The Great Southern California ShakeOut: From Science to the Community and Back Again

Lucile M. Jones

Friday, February 20, 2010, 1:30pm

Room 10 - San Diego Convention Center

Panelists describe the ShakeOut experience and how it brought science to the public to improve resiliency after large earthquakes.  Lucy will focus on the scenario creation and the science used to develop it.  

 

Gene Expression, Pathology and Contaminants in Pacific Sea Otters

Keith Miles

Sunday, February 21, 2010, 10:50 AM

Room 6D - San Diego Convention Center

Gene expression technologies have the potential of providing methods for monitoring long-term effects of contaminants and disease on free-ranging marine wildlife species. These methods may explain the mechanisms by which these stressors can affect an individual over a long period, and aid in the design of therapeutic and preventative strategies to treat and protect susceptible individuals and populations at risk from oil exposure. Using evidence from captive animals and recent captures, scientists are developing an understanding of gene expression as it relates to the immune system of the sea otter and other marine megafauna, and the potential effects of contaminants or disease.
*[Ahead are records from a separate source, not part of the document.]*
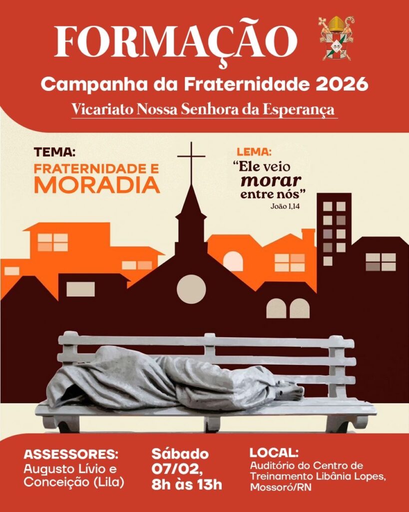 A Diocese de Mossoró, por meio do Vicariato Nossa Senhora da Esperança, realizará no próximo sábado, 7 de fevereiro, uma formação dedicada à Campanha da Fraternidade 2026, que tem como tema “Fraternidade e Moradia” e como lema “Ele veio morar entre nós” (Jo 1,14). O encontro acontecerá das 8h às 13h, no Auditório do Centro […]
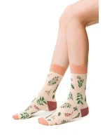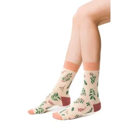 Měkké, elastické ponožky s květinovými vzory inspirované svěží a nezkrotnou přírodou jsou naší odpovědí na změny, které nám planeta Země každý den nabízí. Vzdušný materiál z nejkvalitnější bavlny a bezešvé švy zajišťují volnost nošení i v těch nejdrsnějších podmínkách, které nám matka příroda připravila. Jedinečné a velmi estetické vzorování se přizpůsobí jakémukoli stylu.
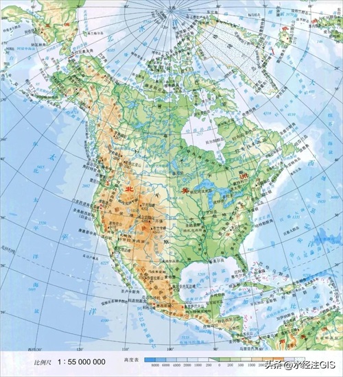 北美洲地形由西部高大山系、中部广阔平原和东部低缓高地组成,形成南北纵列分布的特征。
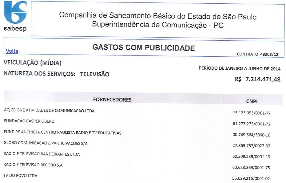 O DCM obteve as planilhas de investimento em publicidade da Sabesp nos anos de 2010, 2011, 2012, 2013, 2014 e 2015 até o mês de abril. De acordo com os documentos, a empresa gastou R$ 44.462.117,03 no ano passado, quando Geraldo Alckmin foi reeleito no auge da crise da falta de água com pouca cobrança na imprensa. As operações fazem parte do plano de investimentos de uma companhia com valor de mercado estimado em R$ 15 bilhões.

The Invisible Tax on Reef Building: Carbonate Loss Through Dissolution

Kimberley Yates

Sunday, February 21, 2010, 2:50 PM

Room 6D - San Diego Convention Center 

Coral reefs are vital to the long-term viability of coastal society, providing economic, recreational, and aesthetic value from which coastal communities thrive. Coral reef communities develop over thousands of years as calcifying organisms form skeletons that result in the 3-dimensional structure of reefs, and carbonate sediments as their skeletons degrade after death. Recent studies indicate that changes in seawater chemistry resulting from ocean acidification reduce calcification rates of marine organisms. Implications for carbonate sediment accumulation rates on reefs will be discussed.

 

Extended Satellite Crop Monitoring in Response to the Global Food Crisis

James Verdin

Sunday, February 21, 2010, 4:10 PM

Room 8 - San Diego Convention Center

The Famine Early Warning Systems Network is a decision support system sponsored by the Office of Food for Peace of the U.S. Agency for International Development. FEWS NET identifies the times and places where aid is required by the most food insecure populations of the developing world. During 2009 and 2010, USGS, NOAA, and NASA are establishing expedited procedures for processing of satellite data and model runs, and web delivery of results.  The components of this new system will be described, and progress to date reported. Examples from Central America, Africa, and Afghanistan will be reviewed and highlighted.

 

Science under the Sea: How Ocean Research is Helping Solve Societal Challenges

USGS Director Marcia McNutt

Sunday, February 21, 2010, 6:30 p.m. - 7:30 p.m.

Room 6AB - San Diego Convention Center

USGS explorations in marine science – from gas hydrates to ocean acidification to sea-level rise to undersea landslides – both anticipate and inform public policy in many fields of highest concern to society, whether on land or at sea: for example, energy, climate change, human health, and natural hazards.